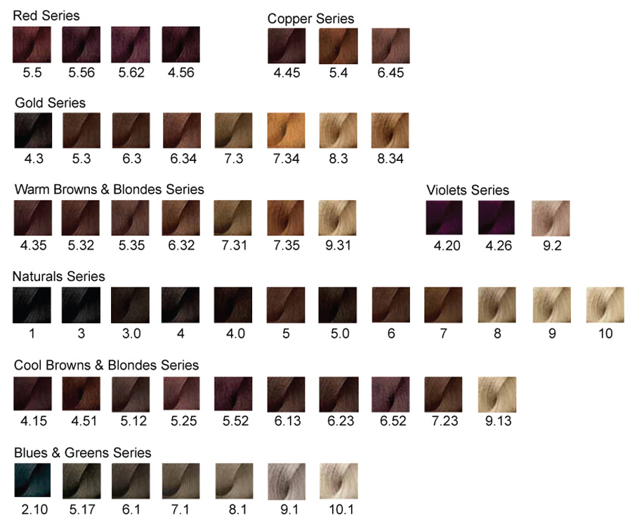 - Cool shades. For natural and dyed hair are the options for colors, rich refined shine. 29 harmonious tones in the palette are selected for owners of light, brown, brown hair in varying degrees of blackout.
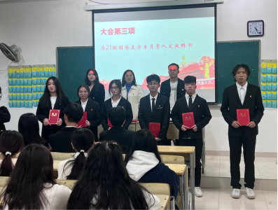 会议还进行了工作报告汇报;21级学生干部定岗聘书发放仪式;KY开元集团官网入口大学生骨干培训班班长、组长竞选、与会人员齐唱团歌等议程。
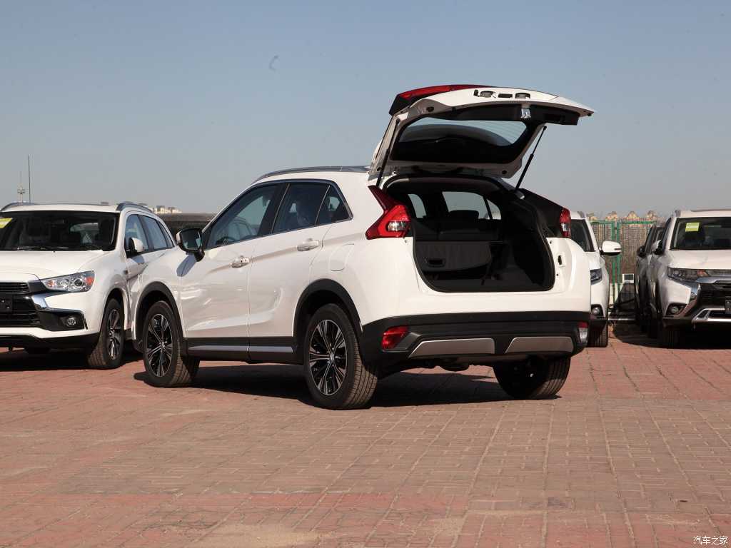 Боковая часть кузова испещрена заметными выштамповками и дополняется пластиковым обвесом. Корма у японского кроссовера из-за пролегающих вдоль дверей линий кажется выше. Сзади у Eclipse Cross размещены антикрыло и спойлер, который выступает над остеклением и соединяет между собой светодиодные фонари. Кормовой багажник закрыт большой металлической пластиной.
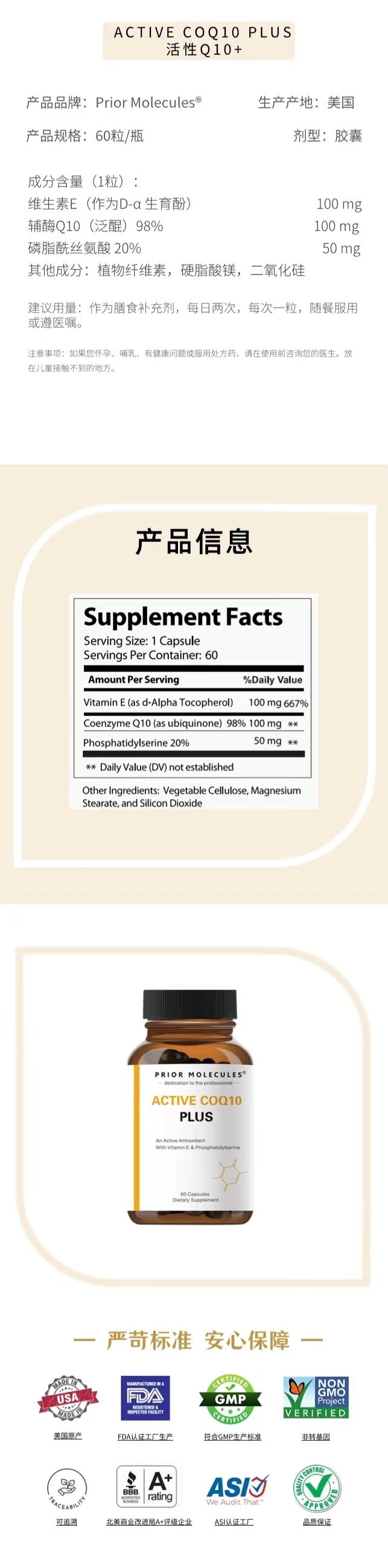 Prior Molecules 活性Q10+ ACTIVE COQ10 PLUS 60粒/瓶 09/26
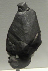 This sample of digenite is displayed in the Smithsonian Museum of Natural History. Digenite is a sulfide mineral of copper with the composition Cu9S5. This sample is about 1.5x4 cm and is from Leonard mine, Butte, Montana.
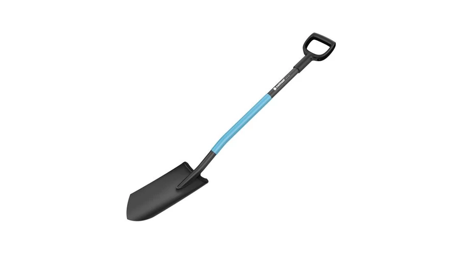 edzett, élezett feje rugalmas bóracélból, masszív és tartós üvegszálas kompozit fogantyúval és tartós ovális markolattal rendelkezik az ásófej beépített, tartós fémállvánnyal van felszerelve a láb számára, amely biztosítja a tartást
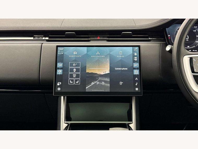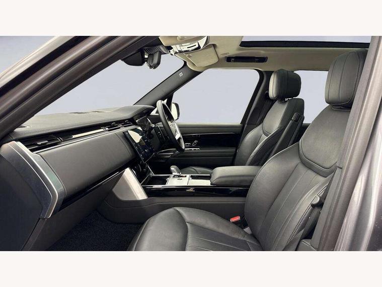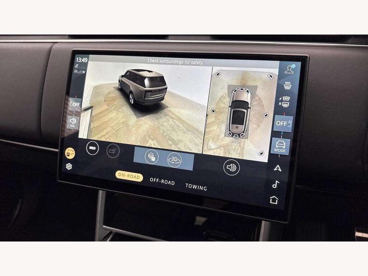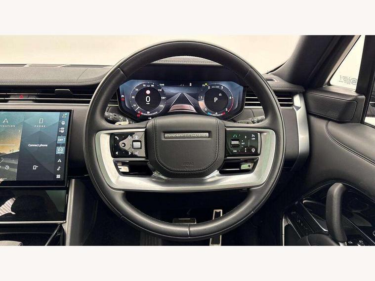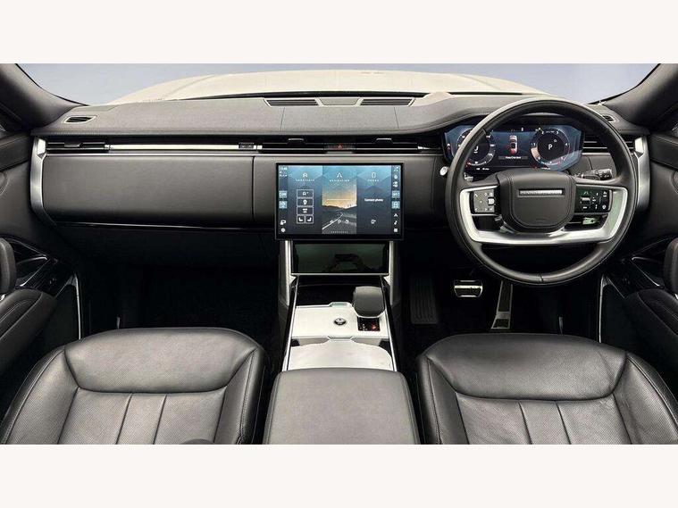 13.1" Touchscreen, 3D surround camera inc frwd traffic detection, vehicle clearance guidance, 3D view, clearsight ground view, manoevure light, 360 parking aid, wade sensing, All Terrain Info Centre, All wheel steering, Android Auto, Apple car play, Blind spot assist, Bluetooth connectivity streaming, Driver condition response, Eco mode, Electric power assisted steering (EPAS), Emergency call service, Front and rear parking aid, Head up Display, Interactive driver display, Lane keep assist, Rear collision monitor, Rear traffic monitor, Remote, Traffic sign recognition with adaptive speed limiter, Wi-Fi Enabled with data plan, Wireless device charging with phone signal booster, 8 speed automatic transmission, Active damper technology system, Adaptive dynamics, All terrain progress control, All Wheel Drive (AWD), Automatic access height, Terrain Response 2 Auto, Twin speed transfer box, Digital Audio Broadcast radio-DAB, Pivi pro including smart settings, Connected navigation pro, nuance speech, USB socket, Acoustic laminated windscreen, Animated directional indicators, Automatic headlights, Automatic levelling headlights, Centre high mounted stop light, ClearSight interior rear view mirror, Electric windows with one touch open/close and anti trap, Engine cover, Flush deployable exterior door handles, Front and rear recovery eyes, Front fog lights, Headlamp power wash, Heated rear window, Heated washer jets, LED tail lights, No badges, Power fold, auto-dimming, heated door mirrors with approach lights, Rain sensing windscreen wipers, Rear boot, Rear fog lights, Rear side wing doors, Side repeater indicators in mirror, Trailer stability assist, Winter wiper park position, 12V power sockets, 3 seat bench in 2nd row, Air quality sensor, Bright metal pedals, Cabin air purification pro, Cabin lighting, Customer configurable single point entry, Driver and passenger front seat armrests, Easy boot loading, Ebony Carpet, Front and rear cupholders, Front and rear grab handles, Front head restraints, Gearshift paddles, Heated steering wheel, Hook in load space, Loadspace light, Luggage tie down in loadspace, Multifunction steering wheel, Rear centre armrest, Rear head restraints, Rear ISOFIX, Single front passenger seat, Soft close doors, Twin blade sunvisors with Illuminated vanity mirrors, Upper and lower glovebox, Online pack with data plan - Range Rover, 3x3 point rear seat belts, Anti-lock braking system (ABS), Brake hold function, Cornering brake control (CBC), Customer configurable autolock, DSC - Dynamic Stability Control, Electronic brake force distribution, Electronic parking brake, Electronic traction control, Emergency brake assist, Emergency braking, Front airbags with passenger seat occupant detector, Front side airbags, Hill descent control, Hill launch assist, Illuminated seat belt buckles, Low traction launch, Occupant protection assist, Power operated child locks, Roll stability control, Tyre pressure monitoring system (TPMS), Immobiliser, Intrusion sensor and alarm, Keyless entry, Locking wheel nuts, Remote central locking, Noble chrome controls,
******
**Exercise requirements:** The expected answer is the complete set of entries, copied verbatim, with no pictures.

**Exercise answer:**
 - Cool shades. For natural and dyed hair are the options for colors, rich refined shine. 29 harmonious tones in the palette are selected for owners of light, brown, brown hair in varying degrees of blackout.
 会议还进行了工作报告汇报;21级学生干部定岗聘书发放仪式;KY开元集团官网入口大学生骨干培训班班长、组长竞选、与会人员齐唱团歌等议程。
 Боковая часть кузова испещрена заметными выштамповками и дополняется пластиковым обвесом. Корма у японского кроссовера из-за пролегающих вдоль дверей линий кажется выше. Сзади у Eclipse Cross размещены антикрыло и спойлер, который выступает над остеклением и соединяет между собой светодиодные фонари. Кормовой багажник закрыт большой металлической пластиной.
 Prior Molecules 活性Q10+ ACTIVE COQ10 PLUS 60粒/瓶 09/26
 This sample of digenite is displayed in the Smithsonian Museum of Natural History. Digenite is a sulfide mineral of copper with the composition Cu9S5. This sample is about 1.5x4 cm and is from Leonard mine, Butte, Montana.
 edzett, élezett feje rugalmas bóracélból, masszív és tartós üvegszálas kompozit fogantyúval és tartós ovális markolattal rendelkezik az ásófej beépített, tartós fémállvánnyal van felszerelve a láb számára, amely biztosítja a tartást
 13.1" Touchscreen, 3D surround camera inc frwd traffic detection, vehicle clearance guidance, 3D view, clearsight ground view, manoevure light, 360 parking aid, wade sensing, All Terrain Info Centre, All wheel steering, Android Auto, Apple car play, Blind spot assist, Bluetooth connectivity streaming, Driver condition response, Eco mode, Electric power assisted steering (EPAS), Emergency call service, Front and rear parking aid, Head up Display, Interactive driver display, Lane keep assist, Rear collision monitor, Rear traffic monitor, Remote, Traffic sign recognition with adaptive speed limiter, Wi-Fi Enabled with data plan, Wireless device charging with phone signal booster, 8 speed automatic transmission, Active damper technology system, Adaptive dynamics, All terrain progress control, All Wheel Drive (AWD), Automatic access height, Terrain Response 2 Auto, Twin speed transfer box, Digital Audio Broadcast radio-DAB, Pivi pro including smart settings, Connected navigation pro, nuance speech, USB socket, Acoustic laminated windscreen, Animated directional indicators, Automatic headlights, Automatic levelling headlights, Centre high mounted stop light, ClearSight interior rear view mirror, Electric windows with one touch open/close and anti trap, Engine cover, Flush deployable exterior door handles, Front and rear recovery eyes, Front fog lights, Headlamp power wash, Heated rear window, Heated washer jets, LED tail lights, No badges, Power fold, auto-dimming, heated door mirrors with approach lights, Rain sensing windscreen wipers, Rear boot, Rear fog lights, Rear side wing doors, Side repeater indicators in mirror, Trailer stability assist, Winter wiper park position, 12V power sockets, 3 seat bench in 2nd row, Air quality sensor, Bright metal pedals, Cabin air purification pro, Cabin lighting, Customer configurable single point entry, Driver and passenger front seat armrests, Easy boot loading, Ebony Carpet, Front and rear cupholders, Front and rear grab handles, Front head restraints, Gearshift paddles, Heated steering wheel, Hook in load space, Loadspace light, Luggage tie down in loadspace, Multifunction steering wheel, Rear centre armrest, Rear head restraints, Rear ISOFIX, Single front passenger seat, Soft close doors, Twin blade sunvisors with Illuminated vanity mirrors, Upper and lower glovebox, Online pack with data plan - Range Rover, 3x3 point rear seat belts, Anti-lock braking system (ABS), Brake hold function, Cornering brake control (CBC), Customer configurable autolock, DSC - Dynamic Stability Control, Electronic brake force distribution, Electronic parking brake, Electronic traction control, Emergency brake assist, Emergency braking, Front airbags with passenger seat occupant detector, Front side airbags, Hill descent control, Hill launch assist, Illuminated seat belt buckles, Low traction launch, Occupant protection assist, Power operated child locks, Roll stability control, Tyre pressure monitoring system (TPMS), Immobiliser, Intrusion sensor and alarm, Keyless entry, Locking wheel nuts, Remote central locking, Noble chrome controls,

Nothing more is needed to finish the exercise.